Table 2. Clinical Outcomes Among 30 086 Children in the Retrospective Cohort.
No. (%) | Stratified Analysisa | Full Matched Analysisb | ||||
---|---|---|---|---|---|---|
Broad-Spectrum Antibiotics (n = 4296) |
Narrow-Spectrum Antibiotics (n = 25 790) |
Risk Difference (95% CI), %c |
P Value |
Risk Difference (95% CI), %c |
P Value |
|
Primary Outcomes at 14 d | ||||||
Treatment failured | 147 (3.4) | 809 (3.1) | 0 (−0.6 to 0.7) | .88 | 0.3 (−0.4 to 0.9) | .39 |
Adverse eventse | 157 (3.7) | 695 (2.7) | 0.9 (0.3 to 1.6) | .001 | 1.1 (0.4 to 1.8) | <.001 |
Secondary Outcomes at 30 d | ||||||
Treatment failured | 372 (8.7) | 2082 (8.1) | 0.3 (2.6 to 2.8) | .51 | 0.6 (−0.4 to 1.6) | .22 |
Adverse eventse | 189 (4.4) | 849 (3.3) | 1.1 (0.4 to 1.8) | .001 | 1.2 (0.5 to 1.9) | <.001 |
Comparisons were made within diagnosis and clinician strata. Risk differences were estimated using fixed-effects linear regression (first differencing method) and diagnosis and clinician strata were included as fixed effects.
Children prescribed narrow-spectrum antibiotics were optimally matched to children prescribed broad-spectrum antibiotics based on a propensity score estimated from patient-level and clinical-level characteristics creating matched sets of difference sizes using all children.
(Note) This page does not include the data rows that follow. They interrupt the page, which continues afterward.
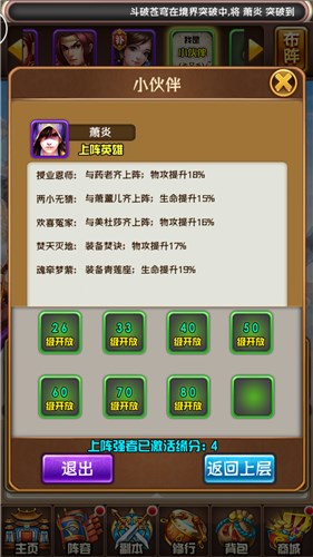 《斗破苍穹》的操作异常简单,进入副本后全程自动战斗,玩家只需点击一下快进即可。游戏性并不是很高,与其他卡牌游戏类似。所有的玩法都在战斗前的准备工作上,比如排兵布阵,升级进阶等。
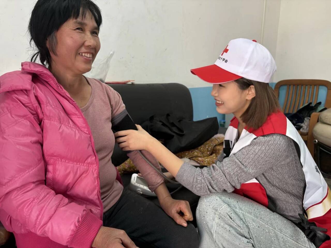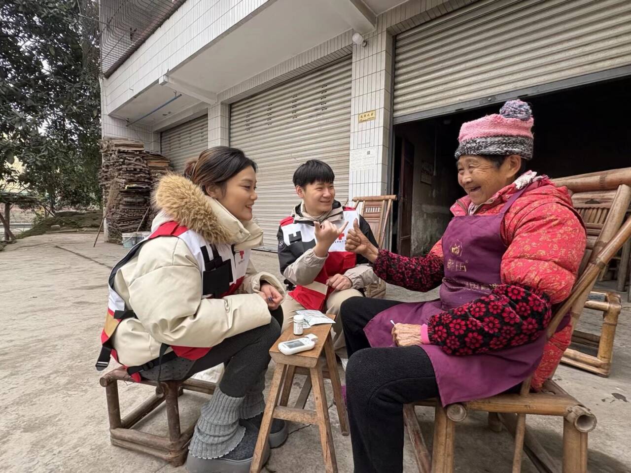 近日,重庆护理职业学院红十字会残疾人健康守护志愿服务队联合医学技术与健康管理系党总支党员志愿队,两次走进璧山区福禄镇,为当地听障老年人开展免费血糖、血压测量及健康指导服务,将专业医疗关怀送到群众“家门口”。
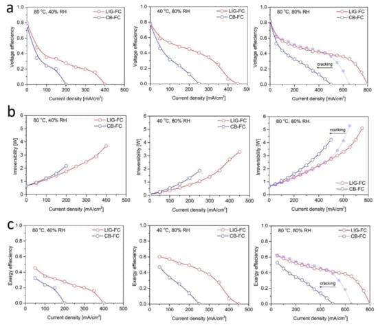Variations of voltage efficiency (a), thermodynamic irreversibility (b) and of exergy efficiency (c) versus current density for the fuel cell with LIG-based MEA and CB-based MEA at: 40 °C–80%RH, 80 °C–40%RH and 80 °C–80%RH (fresh CB–FC).
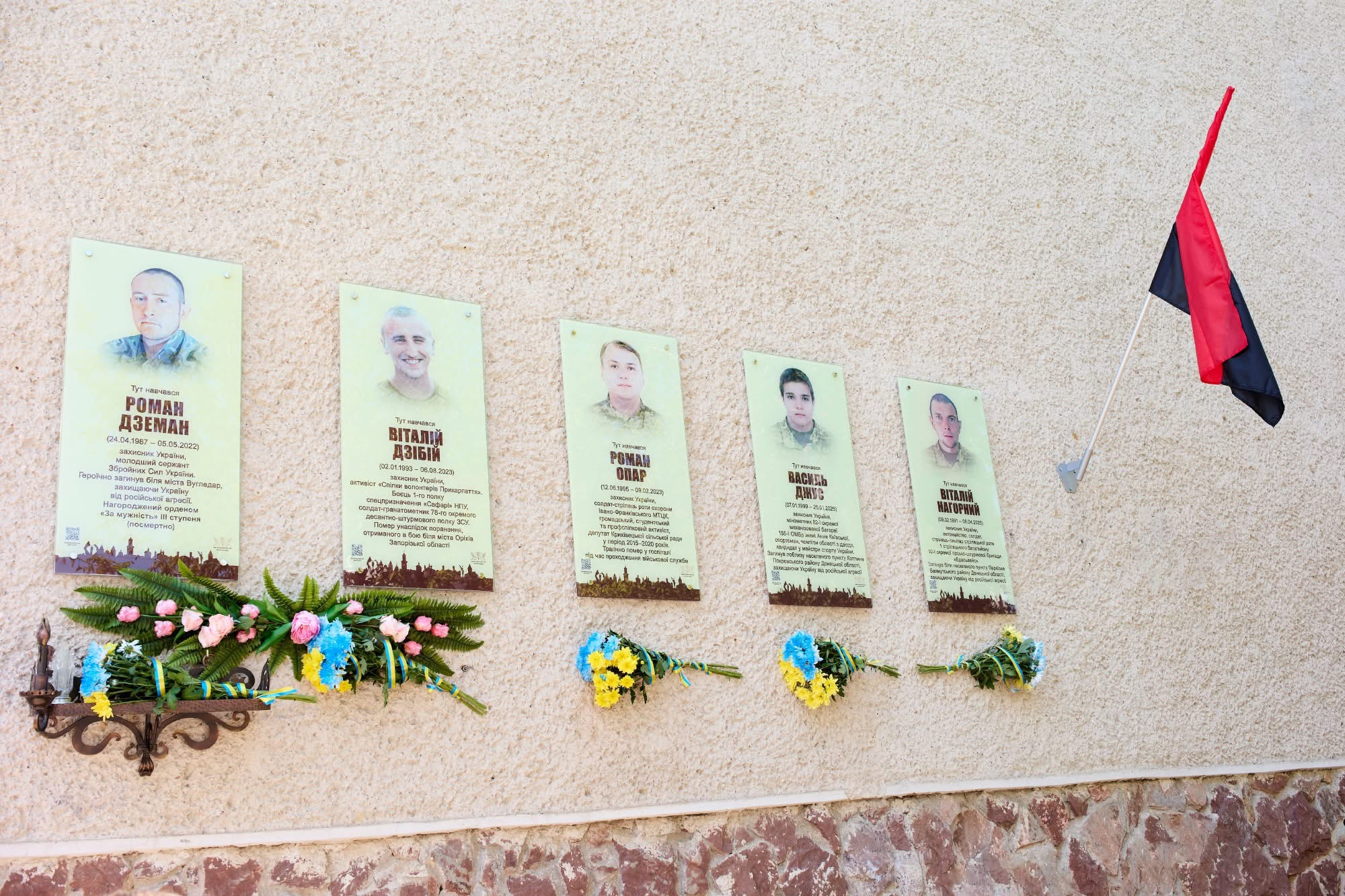 Памʼятні знаки розташовані на фасаді Крихівецького ліцею, випускниками якого були ці хлопці.

Risk differences were estimated using weighted logistic regression with marginal standardization.
A risk difference of more than 0 means that broad-spectrum antibiotics had a higher risk of the adverse outcome than narrow-spectrum antibiotics.
Defined as having the same acute respiratory tract infection diagnosis during the in-person or telephone encounter and a new prescription for a systemic antibiotic.
Defined as encounters for diarrhea, vomiting, candidiasis, noncandidal rash, other or unspecified allergic reaction, and other or unspecified adverse event.